No caso dela, a pressão foi contrária ao sonho. “Até hoje ouço de vez em quando: ‘Nossa, mas você é muito nova para estar morando junto com alguém’. Acho isso besteira. Não existe idade para amar alguém e querer estar com ela todos os dias, construir uma vida juntos. Confesso que ainda acredito nesse mundo cor de rosa”, diz Aline Sanromã.
 
E AS BRIGAS?

 

Carolina Vasconcellos Rodrigues, 27 anos, namora há dois meses e diz que já pensa em se casar, mas ela sabe que a convivência também pode gerar conflitos. “Gostaria de ter um companheiro pra dividir todos os momentos da minha vida. Você aprende a dividir as contas, o seu espaço, a dar e receber. O ponto negativo é perder um pouco da privacidade. Quando há briga, tem que aturar a pessoa mesmo assim”.

 

Para conhecer melhor as qualidades e defeitos de cada um, Carolina e o namorado preferem esperar pelo menos mais três anos. “Não acho que voltou a moda do casamento não, pelo contrário, vejo que muitas pessoas pensam muito bem antes de casar, pensam na questão financeira primeiro. Meu casamento, dependendo da condição financeira dos dois, pode ser bem simples: uma cerimônia civil e depois uma festa no mesmo local, sem grandes luxos”.

 

A estudante Julia Ferrari, 22 anos, mantém os pés bem firmes no chão.
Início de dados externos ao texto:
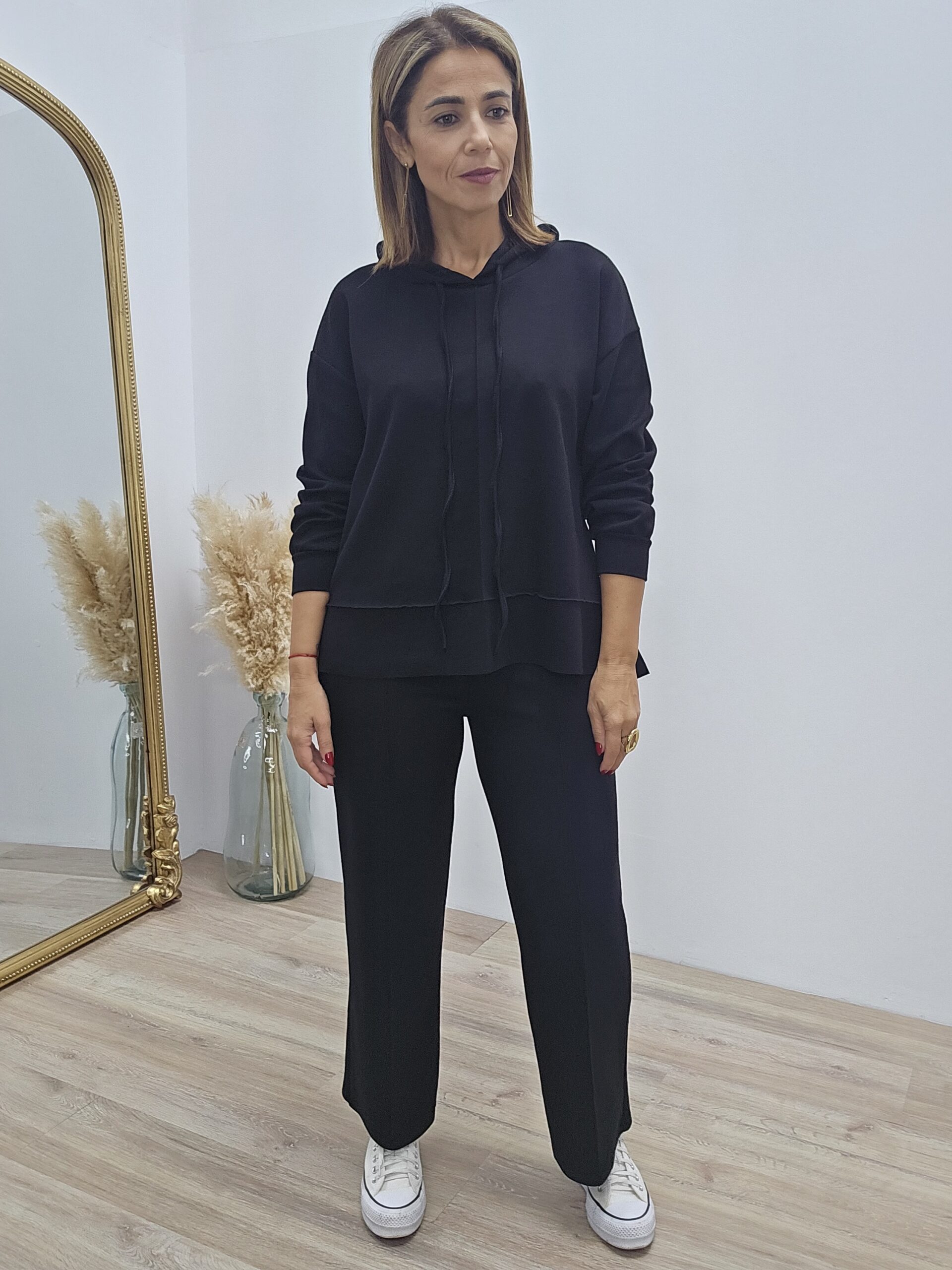 Sudadera con sin goma en la cintura y capucha – pantalón camal ancho.

Julia rejeita a idéia de fazer uma festa grandiosa caso venha a se casar. Filha de pais separados, Julia faz questão de dizer que o casamento dos pais não influenciou na decisão. “Quando eu era criança pensava em casar com 25, hoje nem sei se quero mais. Acho que morar junto pode ser melhor. Tem que passar pela prova de fogo”, diz a carioca. “Acho que hoje em dia as pessoas nem se casam, elas moram juntas. Mas, a grande maioria das minhas amigas ainda quer casar de véu e grinalda”.

 

Historicamente, os homens são mais avessos à idéia de usar fraque e esperar a noiva no altar. Com a mudança de comportamento das namoradas, os jovens comemoram a possibilidade de simplificar o processo.

 

“Casamento formal, na igreja, é caído!”, diz o sociólogo André Coelho, 25 anos. “Não descarto a possibilidade se estiver apaixonado e a pessoa quiser muito, mas não acho que seja necessário. Procuro uma mulher que não tenha esse sonho de se casar. É como se a felicidade não pudesse estar dissociada disso. Eu me casaria mais facilmente com alguém que não fizesse esse tipo de pressão”.

 

A estabilidade profissional é outra condição para a formação de uma nova família. “Neste momento estou completamente voltado para o meu trabalho. Acho que só a partir dos 30 anos vou começar a pensar em casamento”, afirma André.

 

FINAL FELIZ

Já Camila Gonçalves, de 28 anos, casou aos 21, feliz da vida, apaixonada e porque realmente queria. “Nós casamos quando tínhamos apenas seis meses de namoro. Não pensamos muito, nos apaixonamos e queríamos casar, ficar juntos para sempre”, conta Camila. Ela já morava sozinha, o que facilitou a vida dos dois. E o casal achou importante, mesmo, formalizar a relação com festa. Animadíssimos, em três meses, resolveram tudo para a comemoração. Hoje, ela com 28 anos, e Guilherme, com 32, já têm dois filhos, um de três e outro de quatro anos.

 

Camila enfrentou críticas na época do casamento. “A maioria das minhas amigas está começando a casar agora. Na época, não reagiram muito bem. Achavam que programa de casado era diferente de programa de solteiro e se afastavam. Mas nós fomos mostrando o contrário: que a gente tinha a mesma vida de antes, só estávamos juntos”, conclui Camila.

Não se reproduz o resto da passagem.